Quiver Quantitative - Federal Reserve officials Thomas Barkin and Raphael Bostic have highlighted that the full impact of the Fed's recent rate hikes has yet to manifest in the U.S. economy, implying that further economic deceleration is on the horizon. While speaking in New Orleans, both agreed that the effects of the policy changes are still unfolding. Despite the robust growth indicators from the previous quarter, Barkin, known for his hawkish stance, suspects a looming slowdown which he deems necessary to temper inflationary pressures.
The Fed's current policy rate, sitting between 5.25% and 5.5%, is at its highest in over two decades, and the central bank has paused rate adjustments in its last two meetings.
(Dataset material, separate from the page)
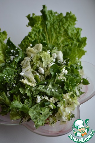 - Листья салата / Салат (зеленый листовой, добавляет нежности) — 1 пуч.

Market participants, guided by futures, are not anticipating additional rate hikes. Fed Chair Jerome Powell's upcoming remarks at an IMF-sponsored conference are much awaited for further guidance on the Fed's monetary stance.
Bostic, typically more dovish, considers the current policy sufficiently restrictive to address economic challenges but forewarns of potential 'bumps' ahead. He remains adamant that the Fed will maintain its restrictive policy until there is assurance of inflation returning to the 2% target. This approach aligns with the Fed's commitment to price stability, despite the near-term economic headwinds it might bring.
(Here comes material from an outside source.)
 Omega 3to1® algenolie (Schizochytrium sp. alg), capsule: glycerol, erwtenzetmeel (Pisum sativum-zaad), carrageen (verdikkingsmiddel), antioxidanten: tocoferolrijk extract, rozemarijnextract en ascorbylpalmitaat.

Barkin's observation of a not-so-vibrant economy, despite positive data, signals caution and readiness for what he believes will be necessary economic moderation. This could signal a strategic patience in monetary policy, as the Fed evaluates the need for future rate hikes. Both officials' comments contribute to the ongoing debate over the trajectory of U.S. economic policy amidst persistent inflation.